Among my non-programmer friends and family, the standard after college is (and has been since my parents' time) to live with a close friend or two until someone gets married.


I zoomed in on google map, was hoping for streetview [ in which I fantasized seeing Jack Reacher walk past for some reason ]

From the OP, I assumed this would be literally 100 miles from the nearest drugstore/711.. but its bang in the urban grid of a small town.

Shouldn't some of the bailout money be towards loans for people to do up cheap homes like this? It would seem a good investment for the future at low cost to enable more people to pick up these low end deals. Are the banks now so stupid they cant get people into homes and paying interest.. instead of this foreclosure fire-sale nonsense ?

Assuming this place can get internet installed, it would make some family a great home which they could gradually renovate, after which they would look after the place and contribute to the town.
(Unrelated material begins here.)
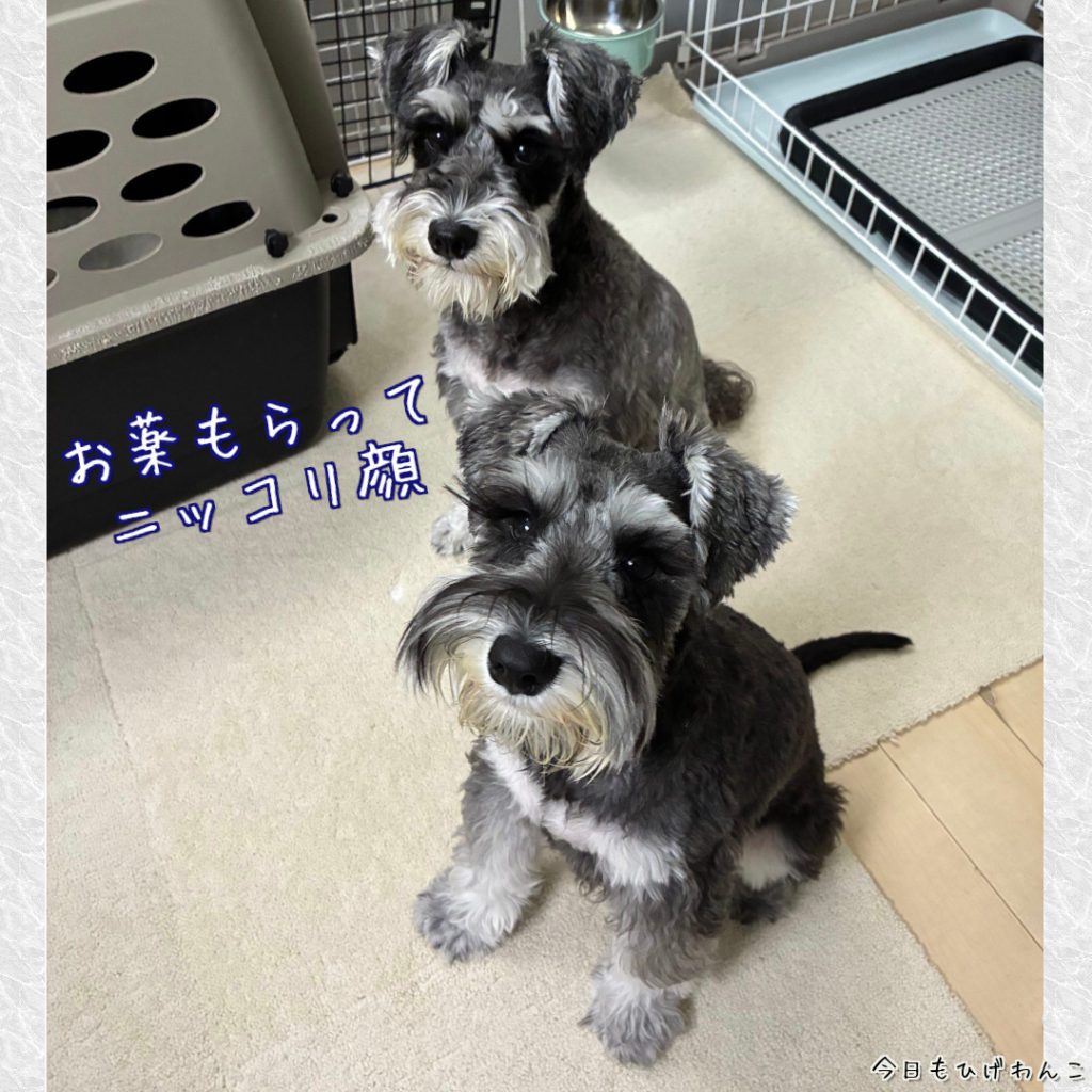 人目線ワンコズ、大好きなお薬の日です。

Such bailouts and programs for average Joe don't really work. When real estate price is in decline, housing becomes in time more affordable. In this conditions you may actually get a chance to buy a house without a loan. It's a natural evolution. Now suppose the government steps in, throwing easy money - what do you think will happen next? I don't live in USA, I live in Romania, EU. Here the real estate prices jumped threefold after the government started „the first home” (literal translation) - a program that wanted to support young families in getting a home. I don't say there weren't any benefits for involved parties - the program actually spurred a lot of construction around, the banks made a lot of profits, and some young selected couples had in the end the privilege to be supported in buying overpriced living places. For everyone else (most of us) the entire thing made the housing more expensive. I don't want to see such things happen again.
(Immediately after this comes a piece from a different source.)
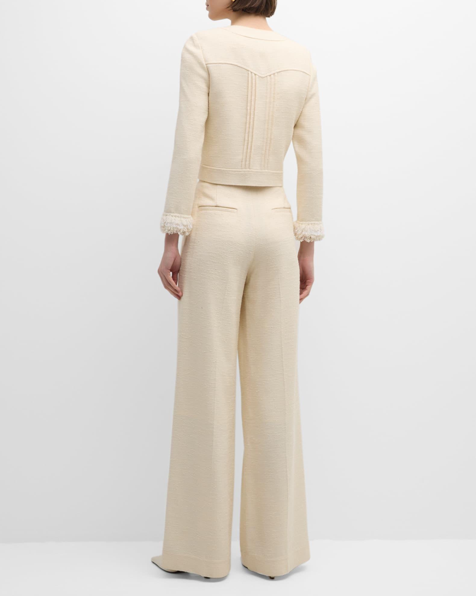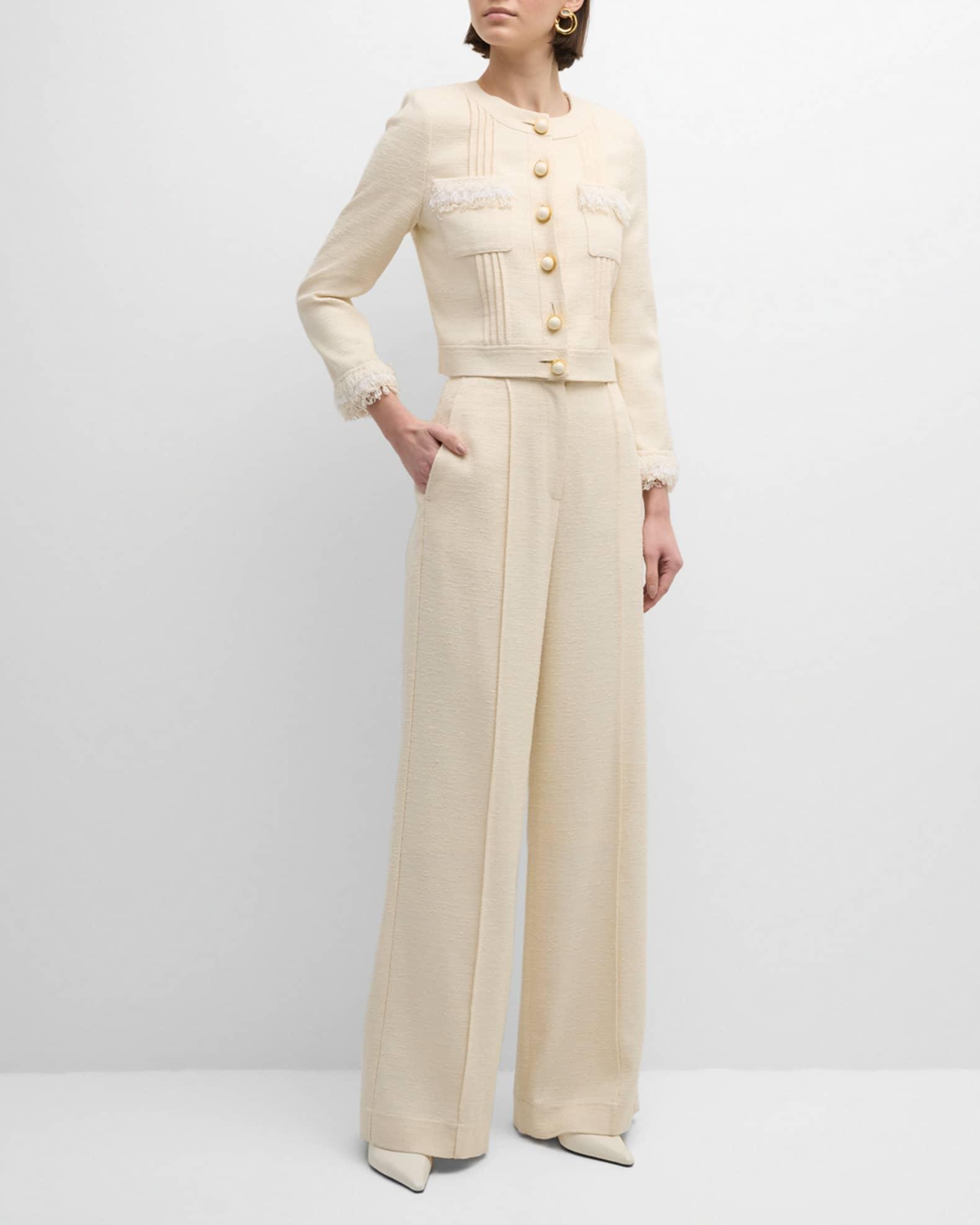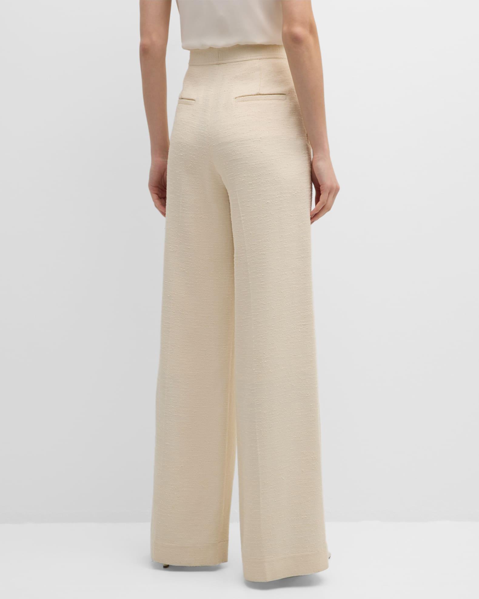 St. John Italian fluid tonal tweed pants featuring a pintuck front detail Mid rise sits high on hip Side slip pockets; back welt pockets Wide legs Full length Hook/zip fly Viscose/cotton/nylon/polyamide Partially lined Professional cleaning recommended Made in USA Model is 5'10"/177cm.

Plenty of CDBG money has gone into Jamestown. Mostly in different parts of town. At its peak the city was 50k people. Now more like <30k. That house is shot. If you go west a bit you can find the worst off housing in the city (right next to a park oddly enough). That part of the north side of town also has really nice old houses east of the cemetery.
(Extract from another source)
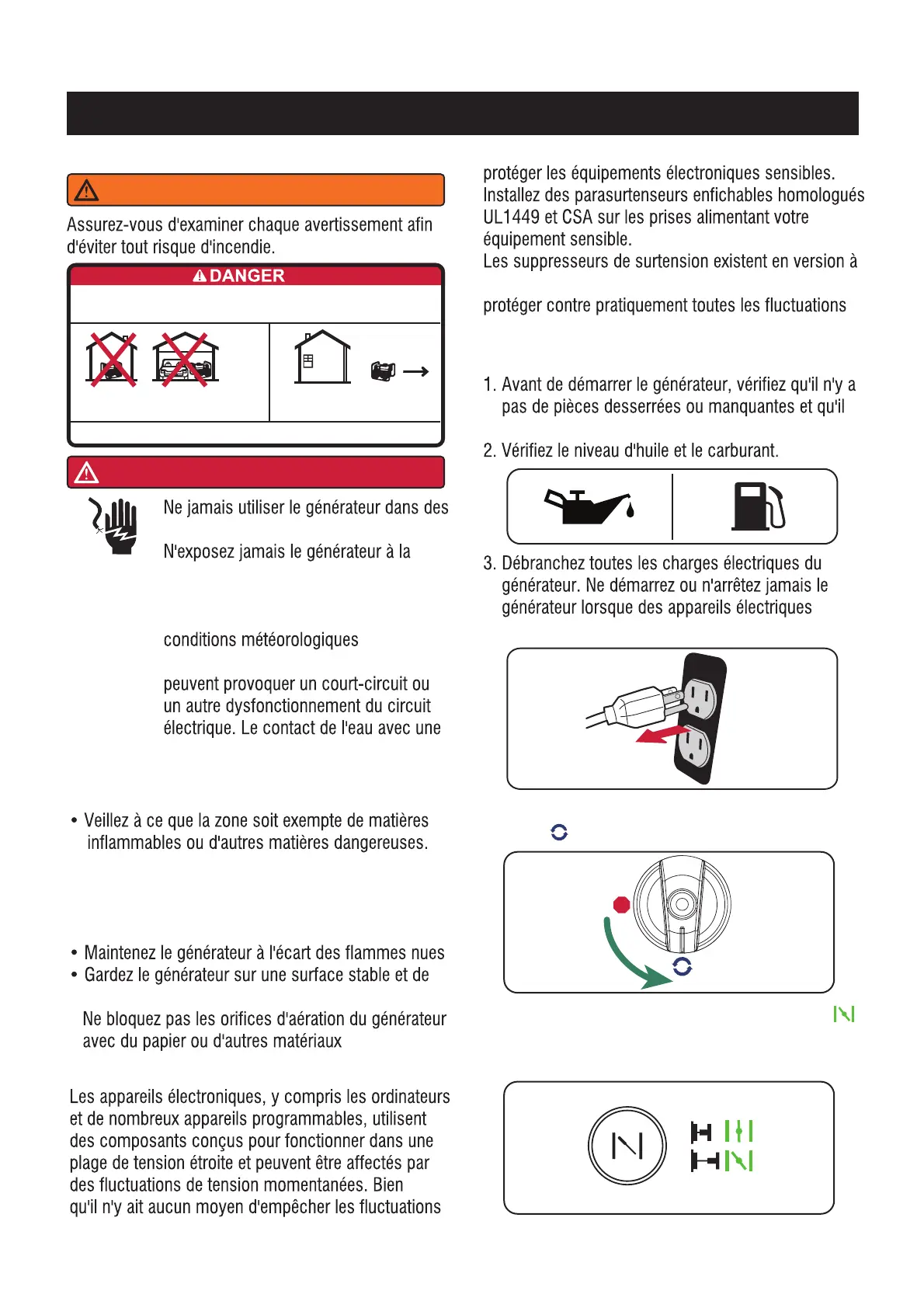 Évitez les autres risques liés au générateur. LISEZ LE MANUEL AVANT D'UTILISER

Imagine manhattan before Central Park.


I left Western NY decades ago, a small town 60 miles from Buffalo, because there was nothing there for me. It's not a place for software entrepreneurs. But now, as I struggle with costs in downtown Chicago, I wonder if there's some way to make something of the old place.

The answer is no, unless you can attract the right people there, and for that there has to be a good job and at least few amenities. Both can be created, but only if lightning strikes. It's a tough situation.


a) Chicago is pretty cheap.

b) Why do you have to be downtown? There are lots of suburbs and regional towns connected with good rail.


Location is basically an extortion racket enabled by the economic collapse of the U.S. outside of a handful of star cities. With NIMBY policies, people in economically vibrant locations keep supply artificially low. This way, a class of people who've ceased providing value can still enrich themselves on a self-sustaining pattern of clueless talent rushing in for the gold rush.

What we see is that most of the country is dying-- that's why the real estate is so cheap in places like Jamestown-- but that's driving the costs in the few not-dying stretches to obscene levels.


The problem is that this is happening everywhere, not just the US. Everything outside the main cities is becoming more and more worthless.

That will switch when oil becomes cheap again. Of course, that may never happen.